> Information provided
━━━━━━━━━━

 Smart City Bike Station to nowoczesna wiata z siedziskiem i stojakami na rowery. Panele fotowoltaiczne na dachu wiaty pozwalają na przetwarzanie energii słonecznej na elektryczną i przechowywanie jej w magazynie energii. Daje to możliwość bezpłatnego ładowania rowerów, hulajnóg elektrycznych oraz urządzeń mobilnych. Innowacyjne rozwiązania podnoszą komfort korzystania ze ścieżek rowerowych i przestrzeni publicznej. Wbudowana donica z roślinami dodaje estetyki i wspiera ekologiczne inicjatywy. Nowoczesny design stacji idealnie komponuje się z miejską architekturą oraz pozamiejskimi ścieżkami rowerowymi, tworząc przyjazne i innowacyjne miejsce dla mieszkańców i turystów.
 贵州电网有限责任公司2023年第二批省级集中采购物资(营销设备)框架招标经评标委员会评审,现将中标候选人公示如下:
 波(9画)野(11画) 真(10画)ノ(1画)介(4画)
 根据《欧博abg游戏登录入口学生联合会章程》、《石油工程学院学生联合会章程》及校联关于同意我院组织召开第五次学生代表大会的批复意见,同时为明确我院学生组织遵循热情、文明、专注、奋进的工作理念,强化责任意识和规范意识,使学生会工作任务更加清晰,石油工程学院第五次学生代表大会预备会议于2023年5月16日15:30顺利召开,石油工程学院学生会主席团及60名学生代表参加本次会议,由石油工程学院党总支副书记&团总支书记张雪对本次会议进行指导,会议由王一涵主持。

━━━━━━━━━━

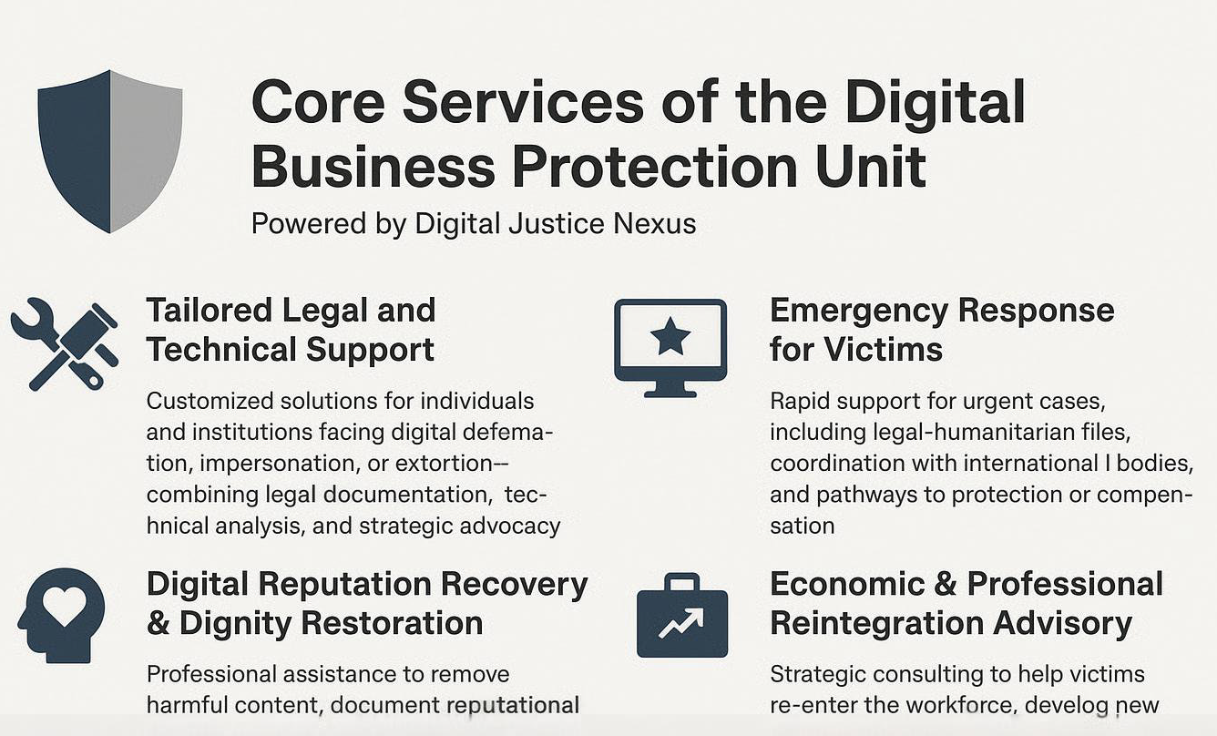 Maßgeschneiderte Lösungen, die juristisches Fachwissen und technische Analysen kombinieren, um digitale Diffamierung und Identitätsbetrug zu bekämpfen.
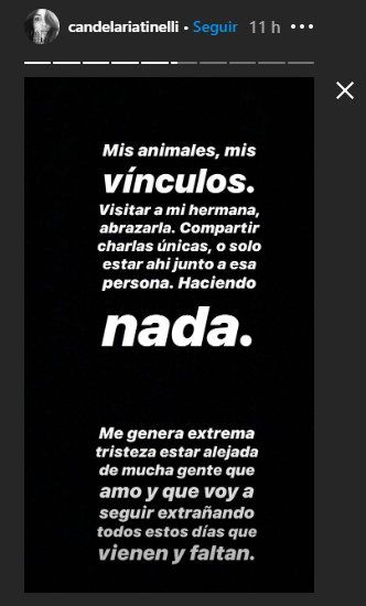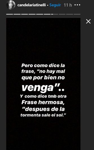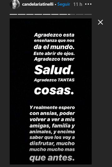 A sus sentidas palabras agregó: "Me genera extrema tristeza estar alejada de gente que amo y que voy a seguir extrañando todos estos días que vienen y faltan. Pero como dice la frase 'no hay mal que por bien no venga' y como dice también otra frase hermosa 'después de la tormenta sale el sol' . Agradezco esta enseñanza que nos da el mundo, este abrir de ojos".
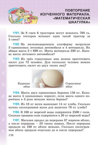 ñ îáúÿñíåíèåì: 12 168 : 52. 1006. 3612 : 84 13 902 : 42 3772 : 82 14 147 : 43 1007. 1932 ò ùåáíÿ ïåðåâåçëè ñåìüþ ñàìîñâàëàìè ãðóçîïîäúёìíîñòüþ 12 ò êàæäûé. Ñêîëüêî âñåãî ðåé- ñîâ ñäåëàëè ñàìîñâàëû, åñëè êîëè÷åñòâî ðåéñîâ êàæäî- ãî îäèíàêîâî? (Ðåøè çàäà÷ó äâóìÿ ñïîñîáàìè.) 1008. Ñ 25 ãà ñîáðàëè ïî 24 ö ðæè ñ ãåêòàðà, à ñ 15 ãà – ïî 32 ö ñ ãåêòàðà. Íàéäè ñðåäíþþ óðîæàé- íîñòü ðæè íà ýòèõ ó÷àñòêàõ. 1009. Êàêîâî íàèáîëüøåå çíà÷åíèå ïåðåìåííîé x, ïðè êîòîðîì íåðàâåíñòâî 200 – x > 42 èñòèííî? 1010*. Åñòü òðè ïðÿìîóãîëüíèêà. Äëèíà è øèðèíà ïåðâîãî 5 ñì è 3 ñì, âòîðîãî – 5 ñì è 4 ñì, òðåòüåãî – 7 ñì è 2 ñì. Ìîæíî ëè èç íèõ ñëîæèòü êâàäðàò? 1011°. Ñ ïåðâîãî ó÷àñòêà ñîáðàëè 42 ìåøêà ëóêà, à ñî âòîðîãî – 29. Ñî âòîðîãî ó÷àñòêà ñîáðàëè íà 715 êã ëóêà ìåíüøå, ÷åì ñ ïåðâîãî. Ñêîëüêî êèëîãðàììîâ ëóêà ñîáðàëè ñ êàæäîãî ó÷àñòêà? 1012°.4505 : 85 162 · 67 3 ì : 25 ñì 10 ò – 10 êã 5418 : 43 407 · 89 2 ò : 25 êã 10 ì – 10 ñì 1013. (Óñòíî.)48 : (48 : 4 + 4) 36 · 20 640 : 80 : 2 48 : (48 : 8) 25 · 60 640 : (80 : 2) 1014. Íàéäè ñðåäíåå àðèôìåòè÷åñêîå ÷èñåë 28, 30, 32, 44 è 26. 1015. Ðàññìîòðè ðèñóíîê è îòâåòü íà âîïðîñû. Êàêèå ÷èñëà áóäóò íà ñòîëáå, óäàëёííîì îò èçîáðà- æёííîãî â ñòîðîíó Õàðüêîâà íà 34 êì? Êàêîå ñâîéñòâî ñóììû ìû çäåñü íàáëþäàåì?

━━━━━━━━━━

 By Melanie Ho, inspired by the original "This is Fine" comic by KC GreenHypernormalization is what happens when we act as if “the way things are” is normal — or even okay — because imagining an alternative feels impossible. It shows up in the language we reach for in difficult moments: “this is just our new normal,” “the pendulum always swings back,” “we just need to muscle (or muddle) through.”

━━━━━━━━━━

> Exercise requirements
Take from the material above the lines running from the one with "波(9画)野(11画) 真(10画)ノ(1画)介(4画)" through the one with "根据《欧博abg游戏登录入口", and repeat them exactly, with nothing else.

> Expected answer
 波(9画)野(11画) 真(10画)ノ(1画)介(4画)
 根据《欧博abg游戏登录入口学生联合会章程》、《石油工程学院学生联合会章程》及校联关于同意我院组织召开第五次学生代表大会的批复意见,同时为明确我院学生组织遵循热情、文明、专注、奋进的工作理念,强化责任意识和规范意识,使学生会工作任务更加清晰,石油工程学院第五次学生代表大会预备会议于2023年5月16日15:30顺利召开,石油工程学院学生会主席团及60名学生代表参加本次会议,由石油工程学院党总支副书记&团总支书记张雪对本次会议进行指导,会议由王一涵主持。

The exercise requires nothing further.